- **WHAT NEEDS TO BE DONE**: In the data below, begin at the line with "Action Oriented Task" and stop after the line with "Festival Holiday College"; output those lines exactly and no pictures.
--- DATA TO PROCESS Enclosed Below ---
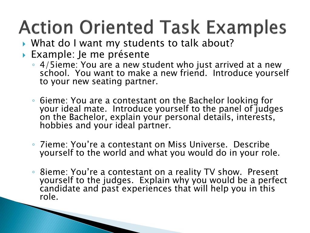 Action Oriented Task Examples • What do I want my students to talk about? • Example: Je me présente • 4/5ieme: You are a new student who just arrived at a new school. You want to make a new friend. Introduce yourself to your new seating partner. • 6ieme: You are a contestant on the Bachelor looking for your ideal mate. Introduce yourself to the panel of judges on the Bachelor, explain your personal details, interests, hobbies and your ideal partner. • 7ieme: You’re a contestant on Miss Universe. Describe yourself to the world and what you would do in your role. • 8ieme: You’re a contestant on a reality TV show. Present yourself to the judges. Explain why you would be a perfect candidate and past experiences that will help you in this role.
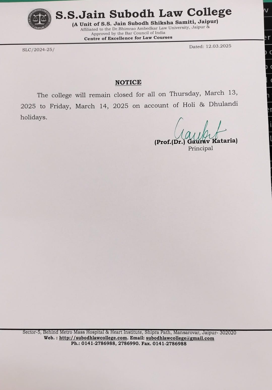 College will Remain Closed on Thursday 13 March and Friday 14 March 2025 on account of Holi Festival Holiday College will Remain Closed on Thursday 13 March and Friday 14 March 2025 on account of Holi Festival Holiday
--- End of Enclosed DATA TO PROCESS ---
--- DATA TO PROCESS Enclosed Below ---
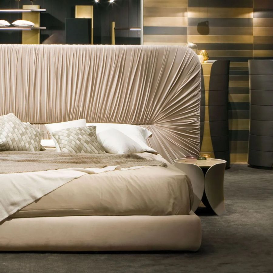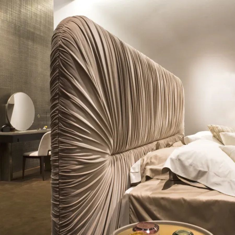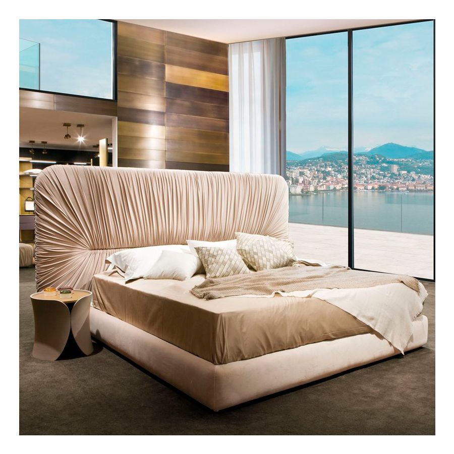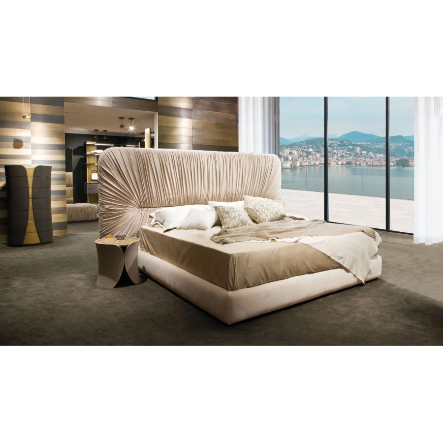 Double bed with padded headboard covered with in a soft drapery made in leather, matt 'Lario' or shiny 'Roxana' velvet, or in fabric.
--- End of Enclosed DATA TO PROCESS ---
--- DATA TO PROCESS Enclosed Below ---
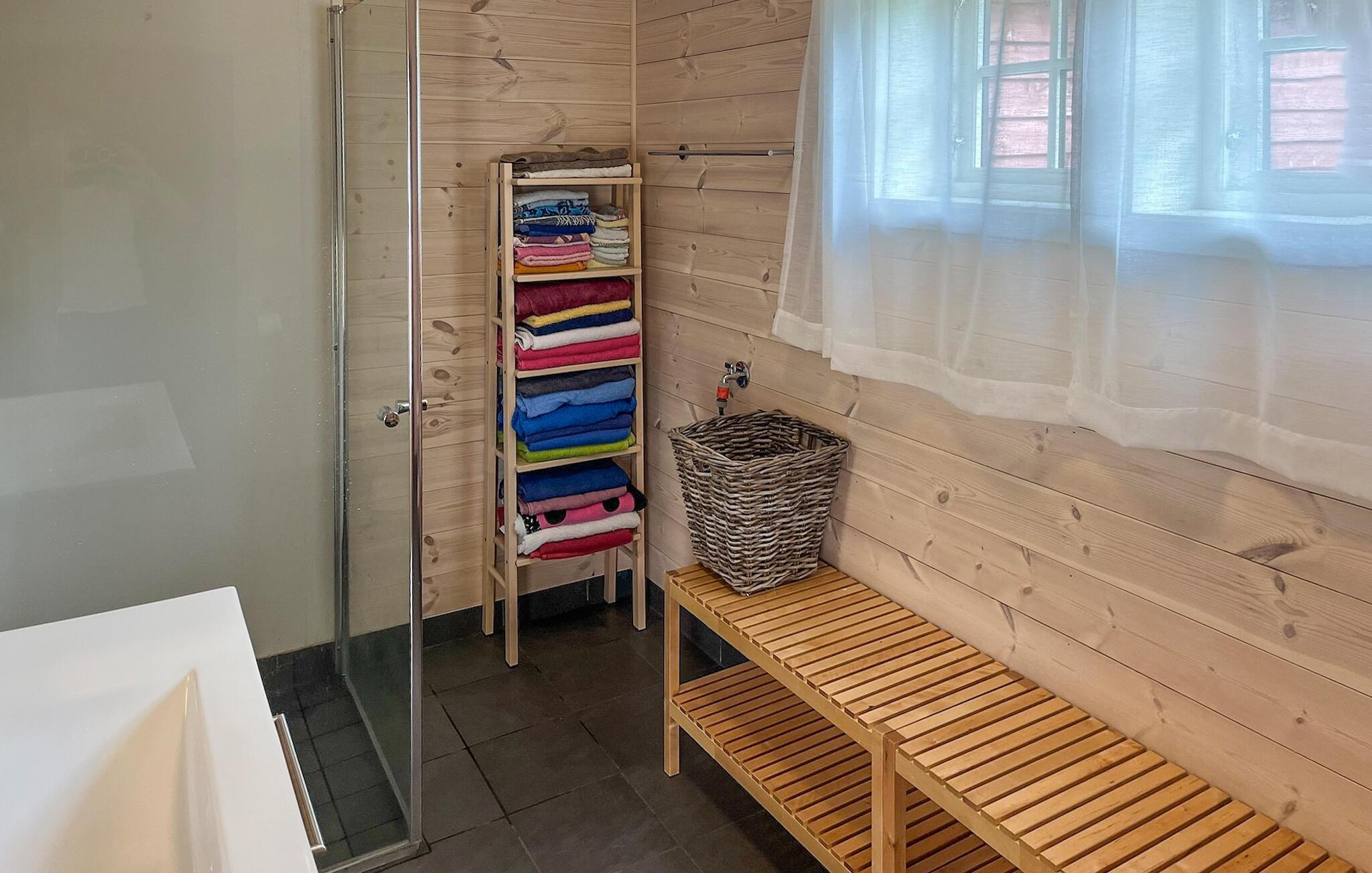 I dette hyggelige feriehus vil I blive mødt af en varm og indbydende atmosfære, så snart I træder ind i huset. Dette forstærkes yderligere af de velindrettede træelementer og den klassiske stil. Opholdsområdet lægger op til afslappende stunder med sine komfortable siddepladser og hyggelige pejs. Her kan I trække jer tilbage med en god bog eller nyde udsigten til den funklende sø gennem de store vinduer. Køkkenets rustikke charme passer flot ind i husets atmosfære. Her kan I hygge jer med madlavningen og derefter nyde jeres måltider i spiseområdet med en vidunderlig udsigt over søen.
--- End of Enclosed DATA TO PROCESS ---
- **THE ANSWER**:
 Action Oriented Task Examples • What do I want my students to talk about? • Example: Je me présente • 4/5ieme: You are a new student who just arrived at a new school. You want to make a new friend. Introduce yourself to your new seating partner. • 6ieme: You are a contestant on the Bachelor looking for your ideal mate. Introduce yourself to the panel of judges on the Bachelor, explain your personal details, interests, hobbies and your ideal partner. • 7ieme: You’re a contestant on Miss Universe. Describe yourself to the world and what you would do in your role. • 8ieme: You’re a contestant on a reality TV show. Present yourself to the judges. Explain why you would be a perfect candidate and past experiences that will help you in this role.
 College will Remain Closed on Thursday 13 March and Friday 14 March 2025 on account of Holi Festival Holiday College will Remain Closed on Thursday 13 March and Friday 14 March 2025 on account of Holi Festival Holiday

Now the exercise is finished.